An Older Explanation

From John Wesley’s Explanatory Notes, circa the mid-1700s:
“Some natural causes may be assigned for their long life in those first ages. It is very probable that the earth was more fruitful, the products of it more strengthening, the air more healthful, and the influences of the heavenly bodies more benign before the flood than they were after. Though man was driven out of paradise, yet the earth itself was then paradisaical; a garden in comparison with its present state: and some think, that their knowledge of the creatures and their usefulness both, for their food and medicine, together with their sobriety and temperance, contributed much to it; yet we do not find that those who were intemperate, as many were, Luke 17:27, as short-lived as temperate men generally are now. It must therefore chiefly be resolved into the power and providence of God; he prolonged their lives, both for the more speedy replenishing of the earth, and for the more effectual preservation of the knowledge of God and religion, then when there was no written word, but tradition was the channel of its conveyance.”
Providence and natural causes. Hmm. There’s a fair bit of speculation in these few lines, but nothing Wesley suggests is wildly improbable or contradicts the revealed character of God. It does seem an insufficient explanation to me, however.

A More Modern One

I have no problem with the idea that the human organism was originally intended to live a millennium or more. It’s the sudden drop to today’s much shorter lifespans that begs for an explanation. My instinct is that the decline had something to do with deteriorating genetics. The folks at Answers in Genesis agree, and point out there were two genetic “bottlenecks” in early Genesis: the Flood and the Tower of Babel.
Flood Bottleneck. Genetic bottlenecks cause a significant loss of access to other people’s versions of genes (called alleles) that are essentially lost. The obvious loss of pre-Flood people reduced the alleles in the gene pool in humanity to only eight people, but really only six.
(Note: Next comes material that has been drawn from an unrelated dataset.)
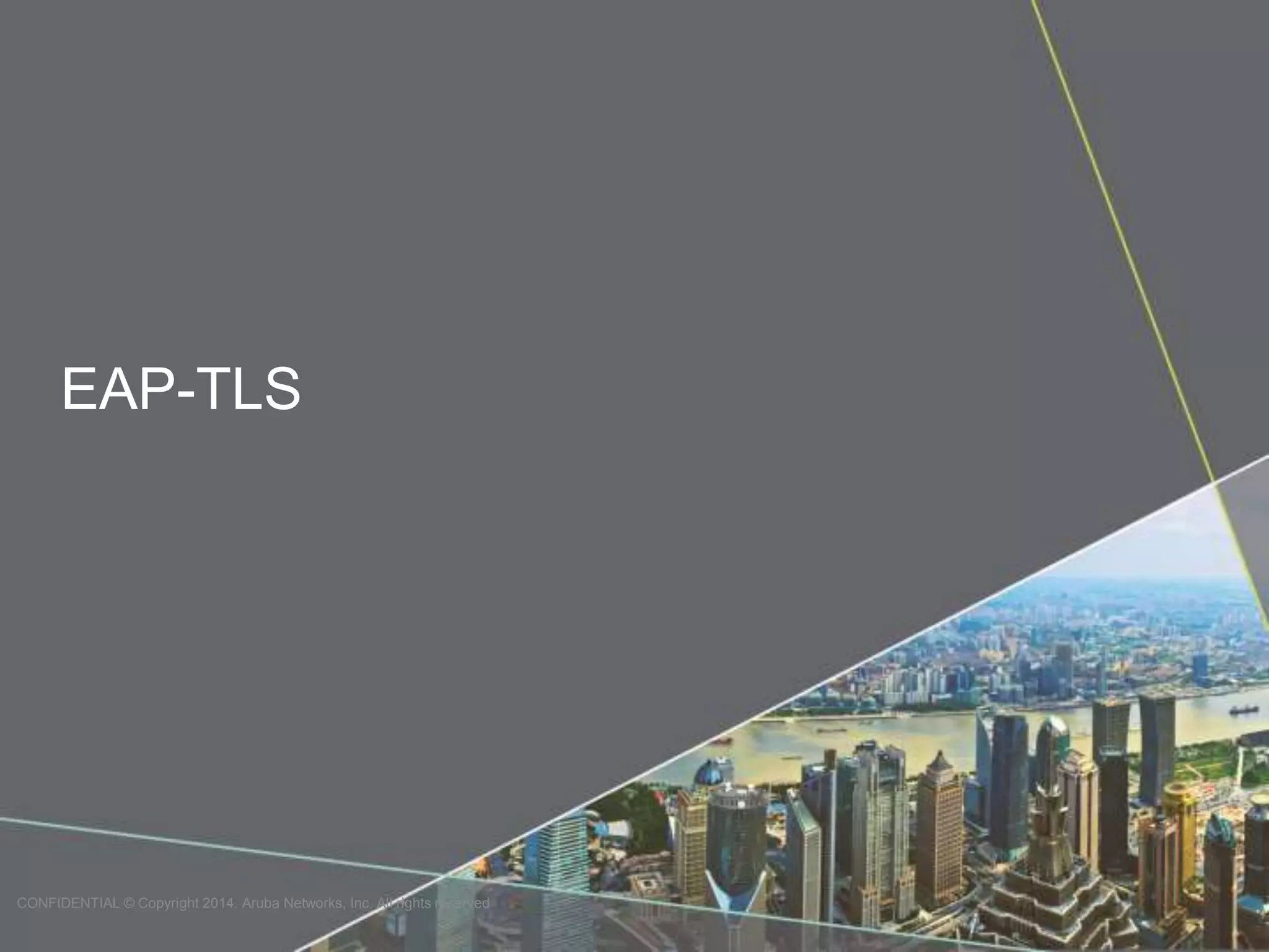 The document discusses the configuration and testing of EAP-TLS and EAP-PEAP authentication between an Aruba controller and CPPM authentication server. It provides step-by-step instructions on setting up EAP-TLS and EAP-PEAP when the EAP tunnel is terminated on the CPPM server or Aruba controller. Troubleshooting tips are also included such as ensuring the correct certificates, authentication methods and services are configured on the controller, CPPM and client devices.

Scripture reveals that Noah and his wife had no more sons after the Flood (Genesis 10). So, this leaves Shem, Ham, and Japheth and their wives, and, of course, these three men each inherited their genes from the same two parents.
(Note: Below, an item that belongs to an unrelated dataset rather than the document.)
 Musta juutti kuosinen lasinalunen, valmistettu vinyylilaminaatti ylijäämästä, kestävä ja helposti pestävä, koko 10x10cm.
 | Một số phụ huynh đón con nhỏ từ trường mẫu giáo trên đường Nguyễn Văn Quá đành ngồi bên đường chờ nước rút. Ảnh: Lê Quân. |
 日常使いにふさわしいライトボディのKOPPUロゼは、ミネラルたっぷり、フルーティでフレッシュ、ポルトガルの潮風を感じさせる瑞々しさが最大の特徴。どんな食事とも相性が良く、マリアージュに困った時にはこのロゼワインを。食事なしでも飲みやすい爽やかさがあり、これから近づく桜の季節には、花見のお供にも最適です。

Tower Bottleneck. If you look at the ages of people born after the Flood, the ages do a sudden drop but are stabilized at about 450 years or so. After the Tower, ages suddenly drop from about 450 to about 235 or so for three generations. Even two generations after this, Terah lived to only 205. But age limits trickle down from there.
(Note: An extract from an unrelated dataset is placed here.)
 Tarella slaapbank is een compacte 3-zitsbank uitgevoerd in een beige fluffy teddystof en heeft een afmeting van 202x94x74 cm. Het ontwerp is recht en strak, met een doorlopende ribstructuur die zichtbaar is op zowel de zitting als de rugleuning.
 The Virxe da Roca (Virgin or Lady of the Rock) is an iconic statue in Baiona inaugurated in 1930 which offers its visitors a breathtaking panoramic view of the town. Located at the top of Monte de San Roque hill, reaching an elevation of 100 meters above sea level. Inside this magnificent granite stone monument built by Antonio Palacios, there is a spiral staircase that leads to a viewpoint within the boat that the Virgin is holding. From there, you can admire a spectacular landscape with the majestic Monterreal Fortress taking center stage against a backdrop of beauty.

Conclusion. [T]he Flood and the Tower bottlenecks did something significant to cause ages to drop. In both cases, there is a loss or splitting up of the gene pool. Consider also how mutations can affect age with an extreme example: “One Tiny Flaw, and 50 Years Lost!” With these bottlenecks, a host of alleles would have been filtered out and lost. For example, immune systems may not be as good, resulting in more infectious disease.”
The Tower Bottleneck is less fully explained than the Flood Bottleneck, whose effects should be crystal clear, but in general I think this explanation a sound one.

In Summary

So how did people stay alive so long prior to the Genesis flood and in the first few generations thereafter? For most people, the most satisfactory answer is the one most consistent with their view of the first few chapters of Genesis.

If you take these accounts literally, you will probably be satisfied with the theory that a greater average lifespan was the original plan, and that a combination of the cumulative effects of the cataclysms and judgments we read about in scripture, and the gradual corruption of the gene pool changed that.

And if you already read those early chapters of Genesis as mythological and are convinced lifespans have always been roughly the same throughout human history, you should have no problem with a few odd symbolic numbers thrown in for effect, right?